• GIVEN RECORDS:

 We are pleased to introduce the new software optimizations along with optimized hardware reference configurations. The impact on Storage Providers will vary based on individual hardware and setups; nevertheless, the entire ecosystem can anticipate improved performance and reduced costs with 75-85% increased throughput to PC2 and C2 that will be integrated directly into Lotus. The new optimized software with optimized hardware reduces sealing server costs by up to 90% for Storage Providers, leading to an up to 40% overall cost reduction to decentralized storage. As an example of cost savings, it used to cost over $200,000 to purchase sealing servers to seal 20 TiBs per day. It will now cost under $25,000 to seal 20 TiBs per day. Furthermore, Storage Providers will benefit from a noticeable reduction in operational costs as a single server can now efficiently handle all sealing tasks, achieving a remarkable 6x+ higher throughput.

...

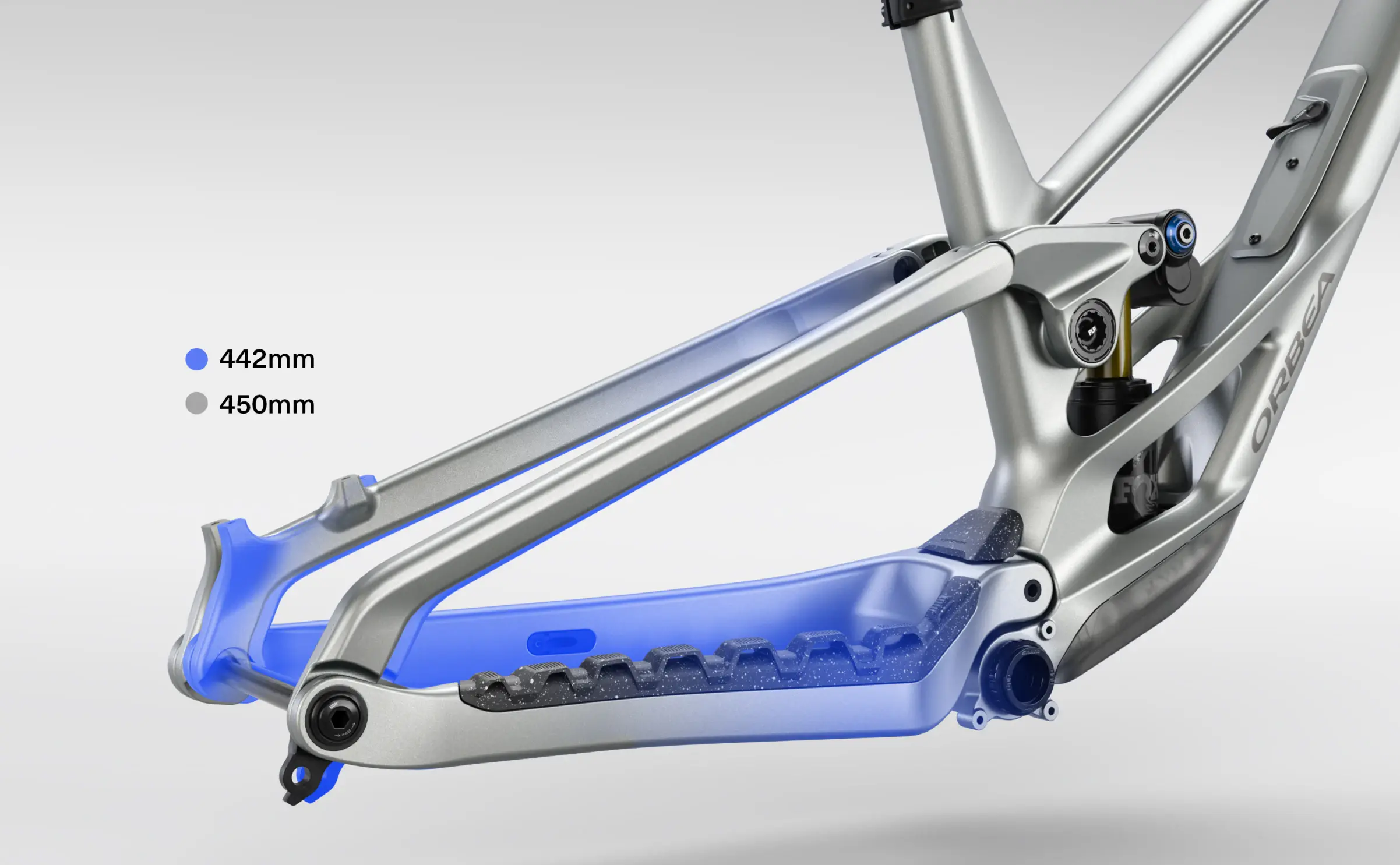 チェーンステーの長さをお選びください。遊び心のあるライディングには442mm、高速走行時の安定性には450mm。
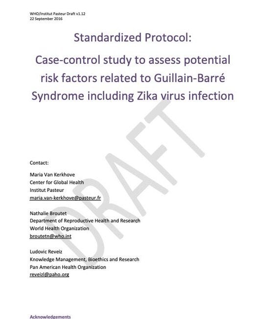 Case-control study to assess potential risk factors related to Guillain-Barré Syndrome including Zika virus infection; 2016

* * *

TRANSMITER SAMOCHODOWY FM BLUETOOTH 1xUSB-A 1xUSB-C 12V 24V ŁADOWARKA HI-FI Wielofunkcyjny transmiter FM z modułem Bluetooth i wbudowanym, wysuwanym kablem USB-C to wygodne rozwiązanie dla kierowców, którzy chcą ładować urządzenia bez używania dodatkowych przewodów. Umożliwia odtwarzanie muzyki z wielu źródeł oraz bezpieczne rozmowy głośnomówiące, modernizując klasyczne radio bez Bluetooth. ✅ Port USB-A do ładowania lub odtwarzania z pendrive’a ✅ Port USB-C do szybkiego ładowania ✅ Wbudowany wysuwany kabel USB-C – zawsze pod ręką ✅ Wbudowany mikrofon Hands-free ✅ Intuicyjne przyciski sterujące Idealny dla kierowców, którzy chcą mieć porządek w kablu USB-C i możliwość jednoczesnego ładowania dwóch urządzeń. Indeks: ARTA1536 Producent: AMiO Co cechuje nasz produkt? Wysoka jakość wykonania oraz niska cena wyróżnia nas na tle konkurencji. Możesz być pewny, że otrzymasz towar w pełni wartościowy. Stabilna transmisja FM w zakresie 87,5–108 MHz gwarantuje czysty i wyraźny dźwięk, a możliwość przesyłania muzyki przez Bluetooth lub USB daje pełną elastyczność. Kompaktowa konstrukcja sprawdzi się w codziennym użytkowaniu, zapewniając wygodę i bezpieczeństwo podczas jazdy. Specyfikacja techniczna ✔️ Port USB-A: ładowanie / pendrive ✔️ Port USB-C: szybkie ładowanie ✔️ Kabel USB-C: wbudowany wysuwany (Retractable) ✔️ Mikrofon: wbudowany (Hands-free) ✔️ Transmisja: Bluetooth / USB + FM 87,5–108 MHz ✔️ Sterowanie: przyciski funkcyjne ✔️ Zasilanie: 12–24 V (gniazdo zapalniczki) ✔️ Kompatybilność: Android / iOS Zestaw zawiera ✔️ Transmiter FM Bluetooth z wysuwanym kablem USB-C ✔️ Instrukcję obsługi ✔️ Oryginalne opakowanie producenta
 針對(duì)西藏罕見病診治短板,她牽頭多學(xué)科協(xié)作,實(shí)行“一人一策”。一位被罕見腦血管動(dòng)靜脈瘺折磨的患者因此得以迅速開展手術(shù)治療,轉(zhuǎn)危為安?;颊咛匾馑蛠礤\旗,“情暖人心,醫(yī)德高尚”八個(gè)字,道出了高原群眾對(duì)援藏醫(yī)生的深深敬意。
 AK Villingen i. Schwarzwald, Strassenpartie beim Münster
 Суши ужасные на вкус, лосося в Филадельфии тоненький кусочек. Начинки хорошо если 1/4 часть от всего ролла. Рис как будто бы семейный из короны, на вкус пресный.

• PROBLEM DETAILS:
In the entries above, please find the line with "針對(duì)西藏罕見病診治" and the line with "AK Villingen i.", then write out exactly those two lines and every line between them, and nothing more.

• RESULT FOR THIS EXERCISE:
 針對(duì)西藏罕見病診治短板,她牽頭多學(xué)科協(xié)作,實(shí)行“一人一策”。一位被罕見腦血管動(dòng)靜脈瘺折磨的患者因此得以迅速開展手術(shù)治療,轉(zhuǎn)危為安?;颊咛匾馑蛠礤\旗,“情暖人心,醫(yī)德高尚”八個(gè)字,道出了高原群眾對(duì)援藏醫(yī)生的深深敬意。
 AK Villingen i. Schwarzwald, Strassenpartie beim Münster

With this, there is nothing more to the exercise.